I had noticed some segmenting issues in Thai as a result of 304acf5, which led me on a quest to develop a better test suite for multilingual character segmentation.

The big thing with Indic scripts is conjunct consonants (i.e. ligatures) and combining vowel characters. Each script does this a little differently, but there are a few commonalities here and there:

  • Scripts of the northern Indian subcontinent tend to form conjuncts by reducing the first consonant to a "half form" and blending it into the following consonant. There are several exceptions.
  • Scripts of the southern subcontinent and Southeast Asia tend to form conjuncts by stacking a second consonant below, if at all. There are also several exceptions.
  • Thai and Lao don't have conjunct consonants.

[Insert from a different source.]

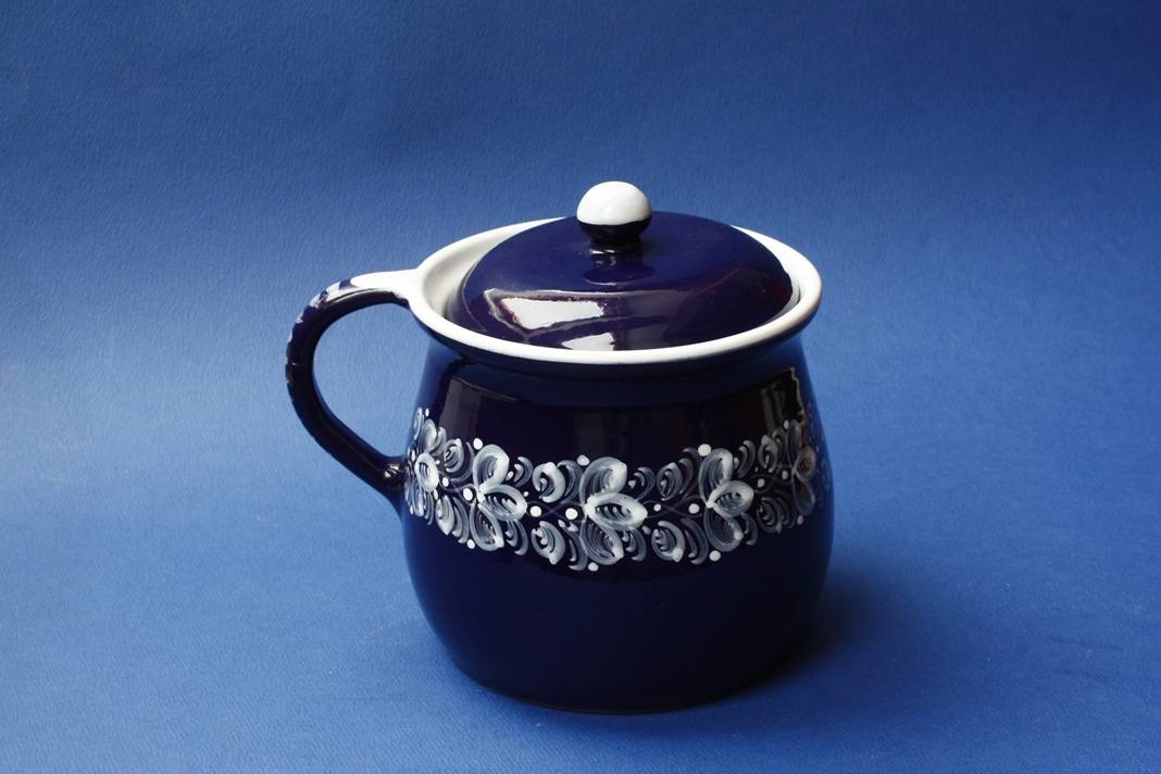 Ručne točený na hrnčiarskom kruhu, s dvoma ušami a pokrievkou, poliaty zvnútra bielou krycou, zvonka modrou glazúrou, maľovaný bielym rastlinným alebo geometrickým dekorom. Možný inofarebný variant.

Consonant clusters are implied by context; there is no "virama" diacritic in modern use.
  • In conjuncts, /r/ often has a dramatically different appearance from its isolated form.
  • One notable exception within the subcontinent is the /kṣ/ conjunct (as in Lakshmi), which is usually a special form that looks unlike its components. This is even the case in Tamil, which otherwise has very few conjuncts compared to its neighbors.
  • In Burmese and Khmer (and some other scripts), consonant stacking is obligatory—these scripts have no "virama" diacritic that a renderer can simply fall back to. The Unicode codepoints referred to as VIRAMA in these scripts are actually Invisible Stackers (58ecf5c).
  • Thai and Lao are encoded in visual order (i.e. typewriter style) instead of logical order. Like other Indic scripts, Thai and Lao have certain vowel marks that are written preceding consonants. However, these particular vowels are encoded as standalone characters that literally precede their consonant, rather than being combining characters that advance the position of their attached consonant.
  • Tibetan is also encoded in visual order. Conjuncts are stacked, but each consonant is encoded with a separate combining character for the stacked version, instead of reusing the same codepoints with an Invisible Stacker in between.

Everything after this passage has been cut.